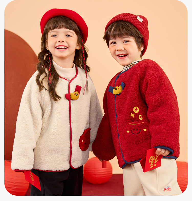 【清仓】嘟嘟家男童拜年服外套儿童冬季上衣女童宝宝新年衣服婴儿喜庆童装
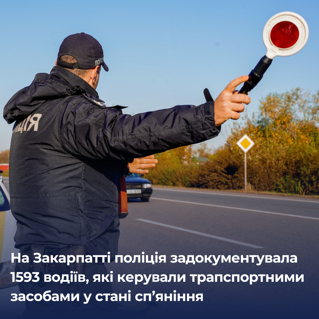 З початку року в Закарпатській області співробітники груп реагування патрульної поліції зафіксували 1593 випадки, коли водії керували транспортними засобами у стані сп’яніння.
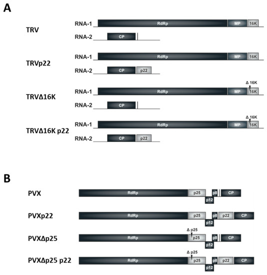 Tobacco rattle virus (TRV, genus Tobravirus, family Virgaviridae) and PVX have been frequently used as viral vectors for both, gene expression and gene silencing studies [18,19,20]. TRV has a bipartite, positive-sense single-stranded RNA in which RNA1 encodes the replicase proteins, the 29K cell-to-cell movement protein [21], recently described as an RNA silencing suppressor [22], and the 16K silencing suppressor protein [23,24,25,26]. TRV RNA2 encodes a coat protein (CP) [27], and it has been engineered to facilitate insertion of heterologous gene sequences [28,29,30,31]. In RNA1, while the replicase is translated from the genomic RNA, the 29K and 16K proteins are translated from the respective subgenomic RNAs (sgRNA) [27]. TRV RNA1 is capable of replicating and moving systemically in plants in the absence of RNA2 [32]. On the other hand, PVX has a monopartite, positive-sense single-stranded RNA genome encoding five open reading frames (ORFs); a first ORF encodes the viral replicase, a central region encodes three overlapping ORFs, known as the triple-gene block (TGB), and a final ORF encodes the CP [33]. It has also been engineered to insert heterologous gene sequences. The three central region-encoded proteins and the final viral CP are translated from sgRNAs. One of the three TGB proteins is the multifunctional P25 that suppresses RNA silencing and is required for cell to cell movement through plasmodesmata [34,35]. It has been shown that although PVX movement is dependent on the suppression function of P25, suppression of silencing is not sufficient to allow virus movement [35].
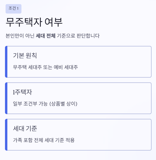 - 세대 기준으로 판단 (단독이 아닌 가족 포함)
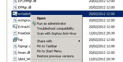 From the SCCM 2012 media copy the \SMSSetup\Bin\x64\ folder to a Domain Controller. Right click the Extadsch.exe and choose ‘Run as Administrator ‘
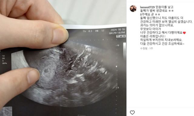 이후 아름을 지난 4일 넷째 임신 소식을 전했다. 아름은 “믿음이를 낳고 둘째가 벌써 생겼네요. 8주예요 곧. 둘째 임신했으니 저도 아름이도 더 건강하고 미래만 보며 열심히 살겠습니다”라고 적었다.
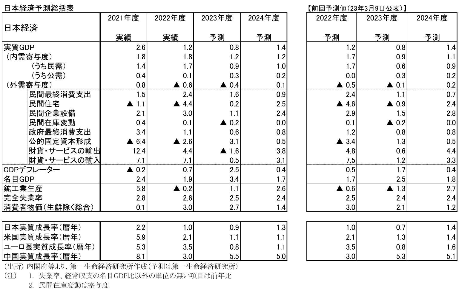 最新の見通しは、2023・2024年度日本経済見通し(2023年8月)(2023年4-6月期GDP1次速報後改定)をご覧下さい。
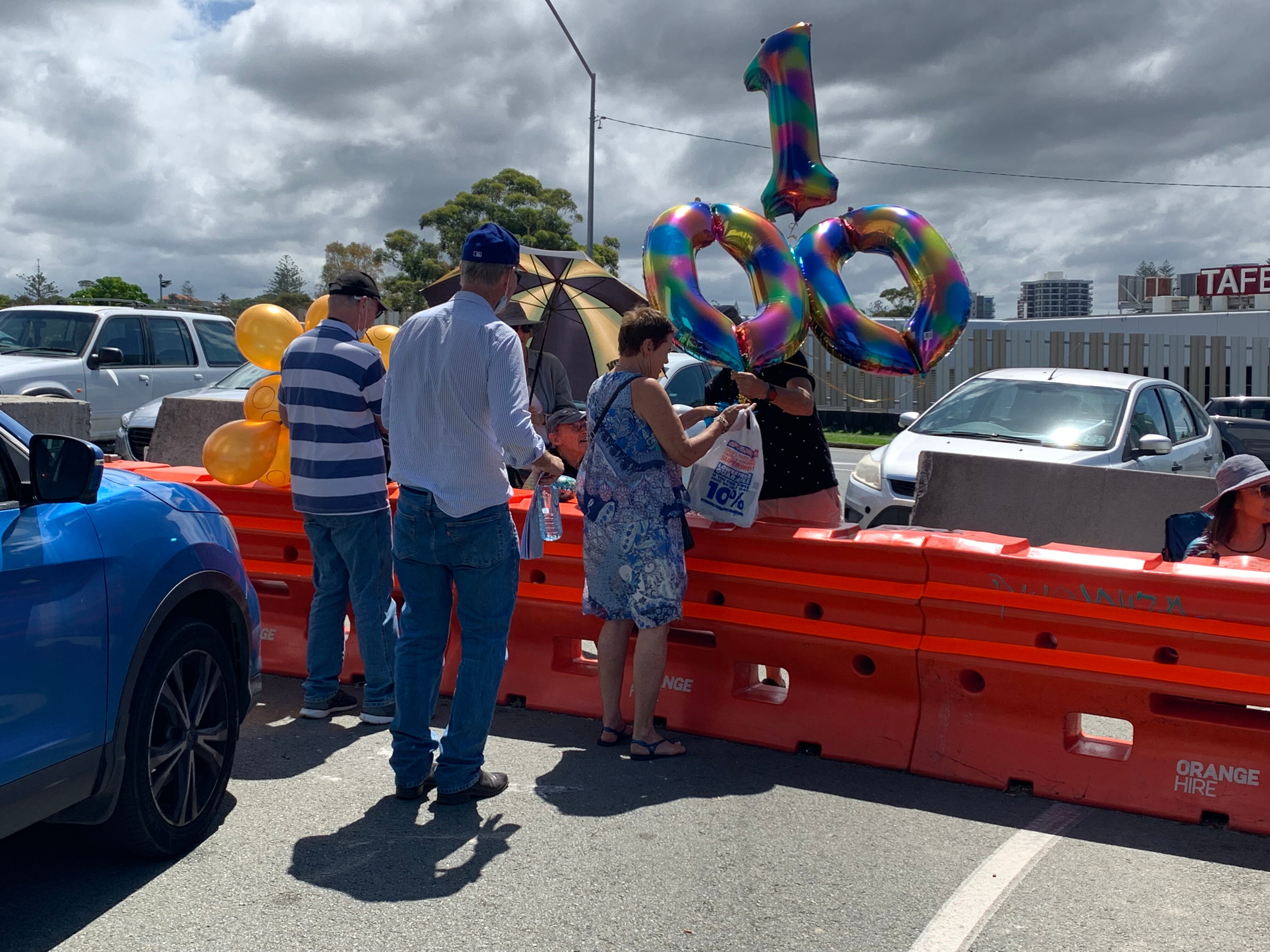 The middle of a street is an unusual place to throw a 100th birthday party, but the Bay Street border barricade has become a meeting spot for families separated by border restrictions.
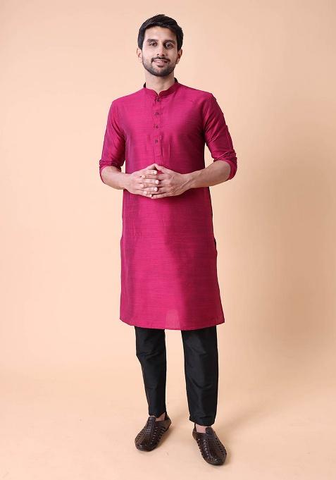 Magenta Embroidered Viscose Rayon Kurta For Men
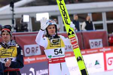 Felix HOFFMANN, GER, bib number 50, training, action photo, Men's Flying Hill HS235 Qualification at Viessmann FIS Ski Jumping World Cup 2025-26 in Kulm, Austria, 2026-02-27, Photo Credit: action press / Julia Piatkowska ag karmapress-ag aldo liverani sas-only italy
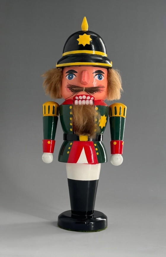 Vintage, schiaccianoci in legno, decorazioni natalizie, oggetto da collezione natalizio, retrò, patina, arte popolare, dipinto a mano, decorazioni invernali rustiche, Natale nostalgico, arredamento d'interni, soldatino, statuetta classica natalizia, oggetto da collezione, design Whoppah, decorazioni invernali.
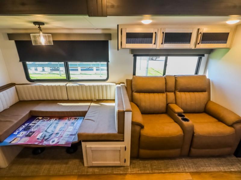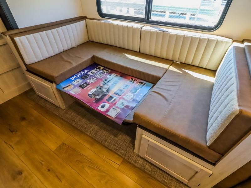 If you're looking for family-fun adventures, then you need one of these Forest River Puma travel trailers! They are built rugged, easy to tow, and jam packed with features. The Darco wrapped underbelly will help protect your unit, and the roof and side mount solar prep gives you the option to add off-grid power. Inside, the Congoleum linoleum will be easy to keep clean, and the night roller shades will provide privacy when it's time to turn in. You'll also enjoy an electric awning with an LED light strip plus an AM/FM/Bluetooth stereo and two outside speakers to keep the party going!

# # # # # # #

__TASK DETAILS__
Please give again, exactly and only, the lines from the top of the listing above through the line that has "З початку року", with pictures left out.

__EXERCISE RESPONSE__
 【清仓】嘟嘟家男童拜年服外套儿童冬季上衣女童宝宝新年衣服婴儿喜庆童装
 З початку року в Закарпатській області співробітники груп реагування патрульної поліції зафіксували 1593 випадки, коли водії керували транспортними засобами у стані сп’яніння.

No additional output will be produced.